Twelve patients underwent transcatheter stent placement in stenosed RV-PA conduit. A total of 16 coronary stents were implanted in 12 patients with 4 patients each receiving 2 stents. The mean saturations increased from 60% to 74%. There was one late mortality which was non-procedure related. Five patients treated with surgical take down of the RV-PA conduit and creation of a cavo-pulmonary shunt, whilst one patient had replacement of RV-PA conduit. There were no early postoperative deaths. The mean saturations improved from 54% to 75%.

CONCLUSIONS

The RV-PA conduit stenosis is a life-threatening complication after the modified Norwood Stage I procedure.

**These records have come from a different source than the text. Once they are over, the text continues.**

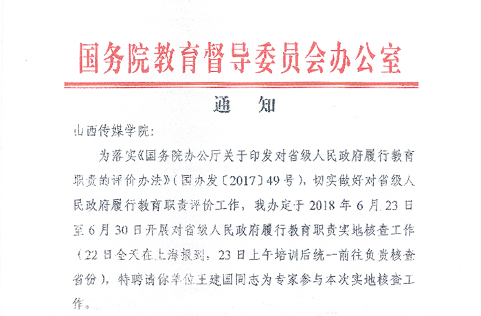 6月23日至6月30日,国务院教育督导委员会派出32个核查组,对31个省(区、市)省级人民政府和新疆生产建设兵团履行教育职责情况进行评价,院长王建国作为特聘专家参与了本次实地核查工作。
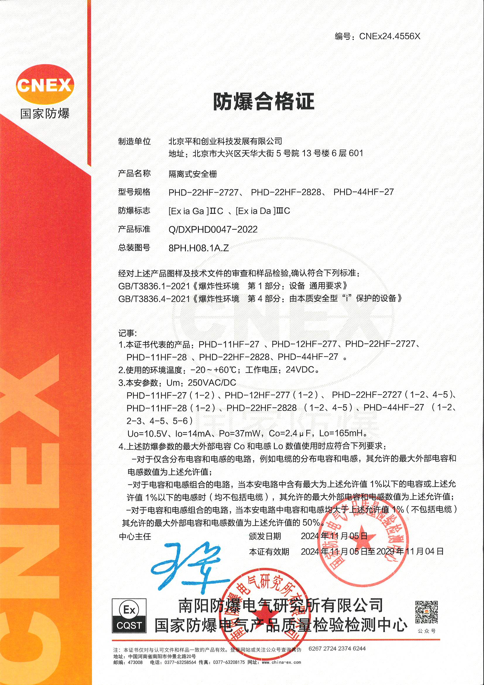| 認(rèn)證機構(gòu) | 國家防爆電氣產(chǎn)品質(zhì)量監(jiān)督檢驗中心CQST認(rèn)證 |
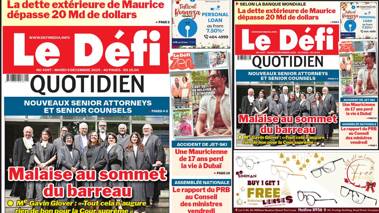 Voici la Une du Défi Quotidien. Le journal est en vente à Rs 15 l'exemplaire aux endroits habituels (supermarchés, boutiques, tabagies, superettes). Bonne lecture !

This may require urgent surgery to replace the conduit or to perform a cavo-pulmonary shunt but as an alternative, transcatheter stent placement can be used with equal effectiveness and with a low risk of complications. The catheter approach is less invasive and the results show that it is an excellent option to relieve the stenosis even in the right-sided RV-PA conduit.

摘要

引言

诺伍德一期手术由佐野进行了改良,采用右心室-肺动脉(RV-PA)管道取代了布劳-陶西格分流术。在我们机构,这一手术又进一步改良,将管道从右心室流出道连接至新主动脉右侧。

患者与方法

2002年4月至2008年10月期间,共进行了227例改良诺伍德手术。18例采用佐野改良术,管道连接至新主动脉左侧,而209例采用右侧改良术,这209例构成研究人群。共有l8例(8.6%)患者因管道狭窄出现发绀,中位年龄4个月,中位体重6.3千克。

结果

12例患者在狭窄的RV-PA管道内行经导管支架置入术。12例患者共植入l6枚冠状动脉支架,4例患者各植入2枚支架。平均血氧饱和度从60%升至74%。有1例晚期死亡,与手术无关。5例患者接受了RV-PA管道手术拆除并建立腔肺分流术,1例患者接受了RV-PA管道置换术。术后无早期死亡病例发生。平均血氧饱和度从54%升至75%。

结论

RV-PA管道狭窄是改良诺伍德一期手术后的一种危及生命的并发症。这可能需要紧急手术来更换管道或进行腔肺分流术,但作为一种替代方法,经导管支架置入术具有同等疗效且并发症风险较低。导管介入方法侵入性较小,结果表明,即使对于右侧RV-PA管道狭窄,它也是缓解狭窄的极佳选择。